Here we go, sorry I took a while to respond. My son was doing a paper and I didn't want to risk a catastrophic event. Used the install disc and ran the upgrade. After it checked the system it found an incompatability with "STORAGE CONTROLLERS: SCSI/RAID CONTROLLER". If this is my, BRAND NEW UPGRADED VIDEO CARD WHICH SAID "VISTA COMPATIBLE" ON THE BOX, I will be very upset. P.S. I did update the drivers before starting this thread.


----------



## dai (Jul 2, 2004)

*Re: HELP! bsod error using nero*

the raid controller controlls your drives where does the video come into it


----------



## cfd01 (Dec 20, 2007)

*Re: HELP! bsod error using nero*

Would I have a raid controller controlling my video card? Can I adjust the raid controllers? Can this be contributing to my problem? As you can probably tell by now, I know nothing about this subject.


----------



## dai (Jul 2, 2004)

*Re: HELP! bsod error using nero*

the raid has nothing to do with your video,do you have anything connected to a raid capable port


----------



## cfd01 (Dec 20, 2007)

*Re: HELP! bsod error using nero*

Here is what the ASUS M2A-VM User Guide says: "The motheboard supports next-generation SATA hard drives based on the new SATA 3.0Gb/s storage specification. The onboard ATI SB600 allows RAID 0, RAID 1 and RAID 10 configurations for four SATA connectors." That is all I could find.
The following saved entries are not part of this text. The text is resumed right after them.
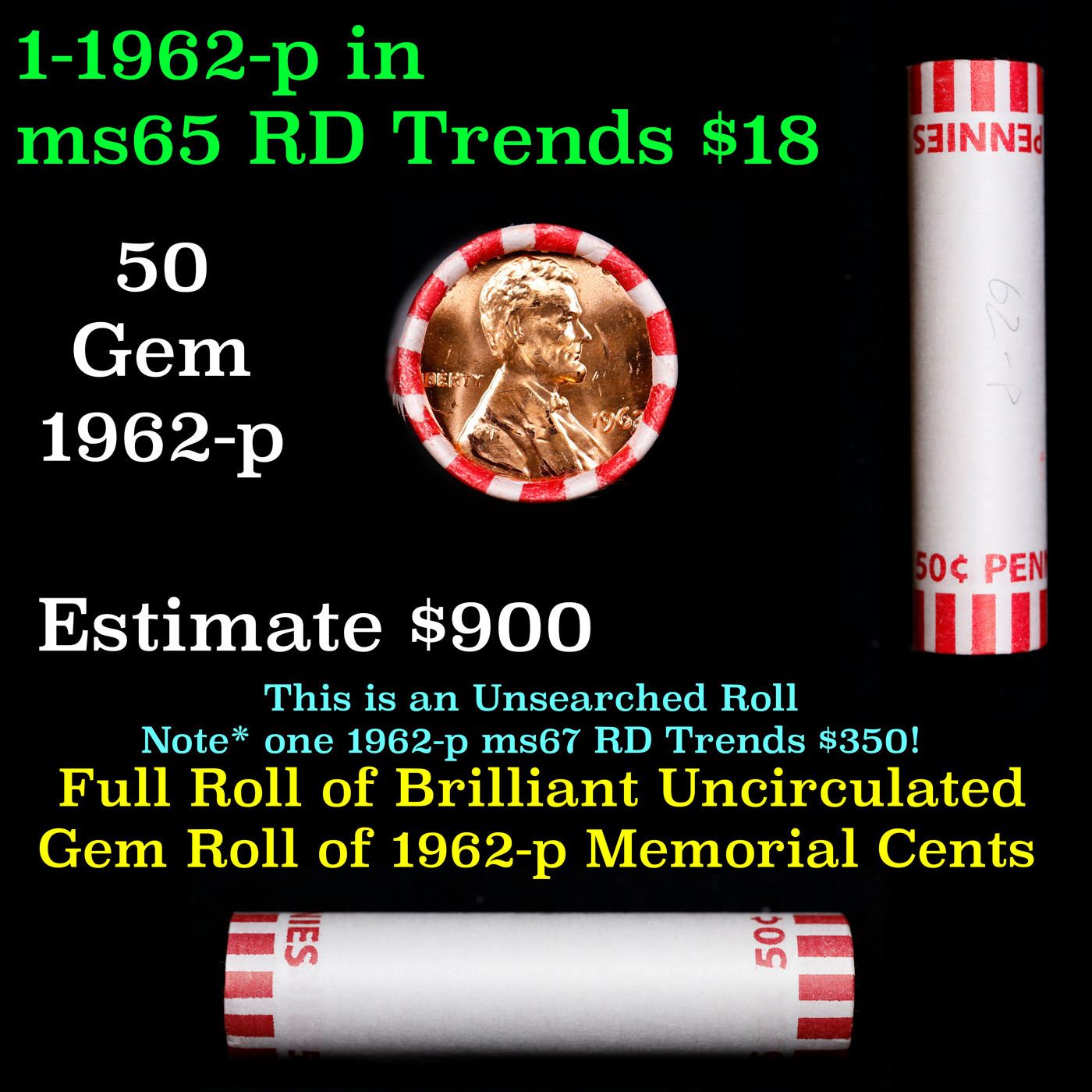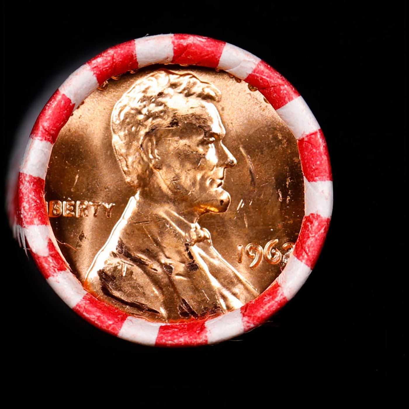 Shotgun Lincoln 1c roll, 1962-p 50 pcs Bank Wrapper.. A terrific Shotgun roll of Lincoln cents. Most if not all coin should be cherry red.
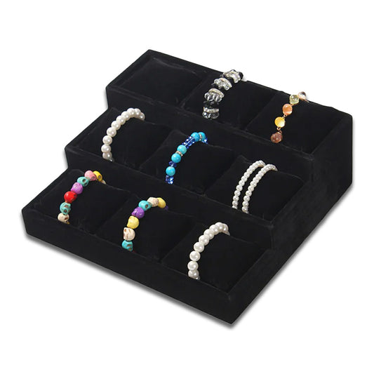 10 1/2" x 9 1/4" Wood Tray with 9 Black Velvet Jewelry Display Pillows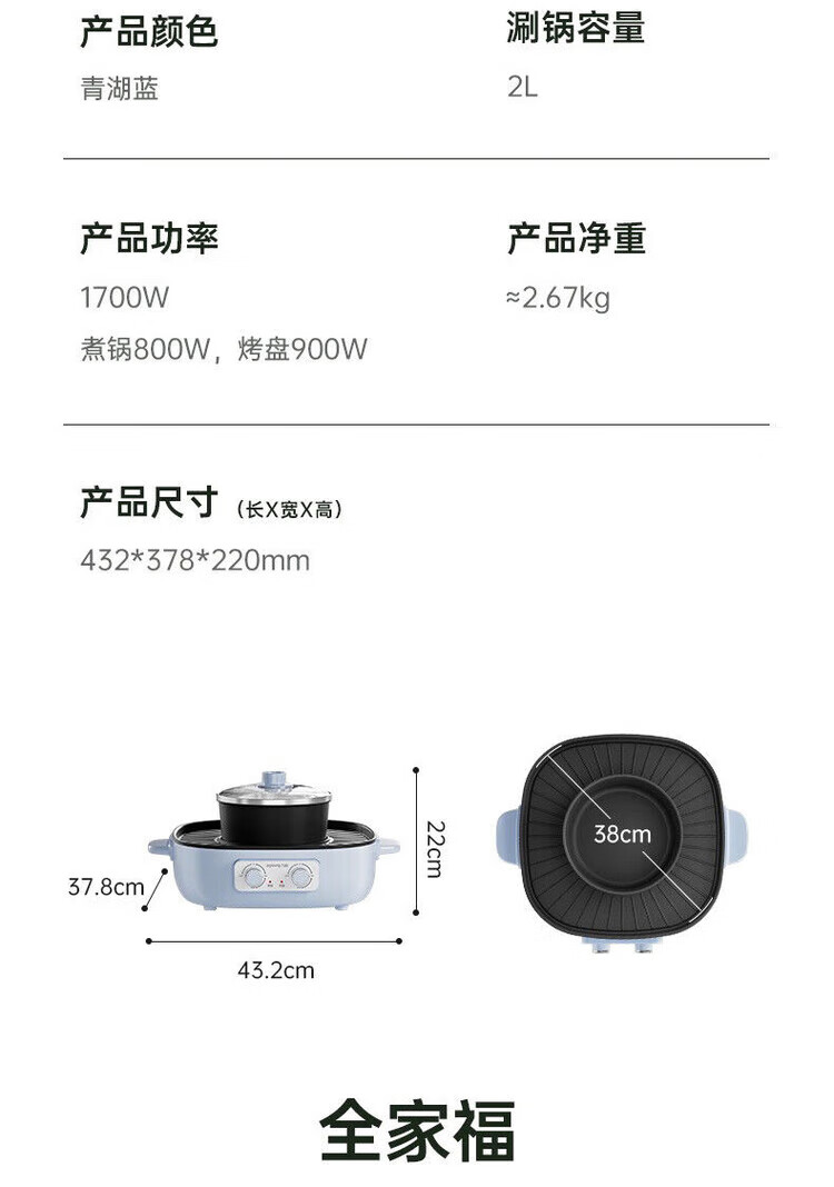 商品名称:Joyoung/九阳2升烤涮一体锅HG20-G581
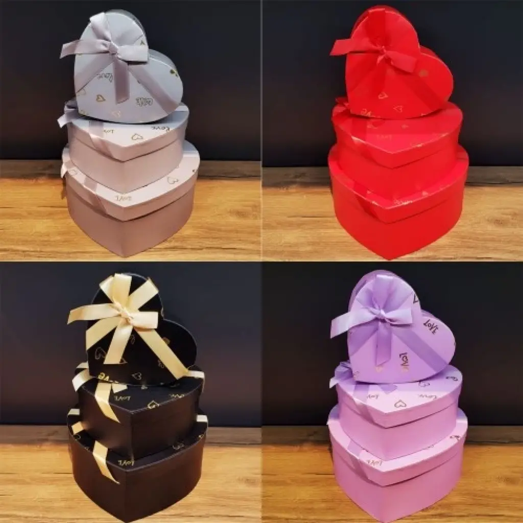 Hediye Kutusu 3'lü Set 3'lü Hediye kutusu görünümü ve tasarımı ile oldukça şık görünmektedir.Hediye kutusu içerisinde büyükten küçüğe doğru kutular çıkmakta olup koyacağınız ürünü istediğiniz boyuta göre süsleyebilirsiniz.3'lü Hediye kutusu kurdeleli renkleride oldukça hoş olup yapacağınız hediye setleri vazgeçilmez ürünlerden olacak.Hediye Kutusu sevgililer günü doğum günü hediyesi gibi özel günlerde hediye sunumlarında kullanabileceğiniz hediye kutularından.Hediye Kutusu, 3'lü Hediye Kutusu Özellikleri:* Sert karton malzemeden üretilmiştir.* Hediye kutusu 3lü olup büyükten küçüğe doğru çıkmaktadır.* Canlı ve rengarenk renkler karışık gönderilmektedir.* Tasarımı görünümü oldukça şıktır.* Özel Günlerde hediye sunumu yapabileceğiniz şık hediye kutusudur.Hediye Kutusu, Toptan 3'lü Hediye Kutusu Ölçüsü:* Büyük boy Hediye Kutusu = 15.5 cm x 22.5 cm x 5.5 cm dir.* Orta boy Hediye Kutusu = 14 cm x 20.5 cm x 7.5 cm dir* Küçük boy Hediye Kutusu = 12.5 cm x 18.5 cm x 5,5 cm dir

My HD is SATA and connected to one of these ports.


----------



## dai (Jul 2, 2004)

*Re: HELP! bsod error using nero*

if the hard drive connected to the sata port is functioning normally it's not a problem


----------



## cfd01 (Dec 20, 2007)

*Re: HELP! bsod error using nero*

For anyone that may have this problem or a similar one, I tracked it down to an overheating issue. So I bought the biggest, baddest heatsink I could find. My temps were spiking at 60-65C. Now I am running at a consistent 30C without any more problems. By the way AMD states that I redline at 70C with the Athalon 64x2 Dual Core 5600+ in reality I wouldn't want to see it over 55C. Next time I'm going to stick with the Intel.


----------



## dai (Jul 2, 2004)

*Re: HELP! bsod error using nero*

glad you have it sorted


----------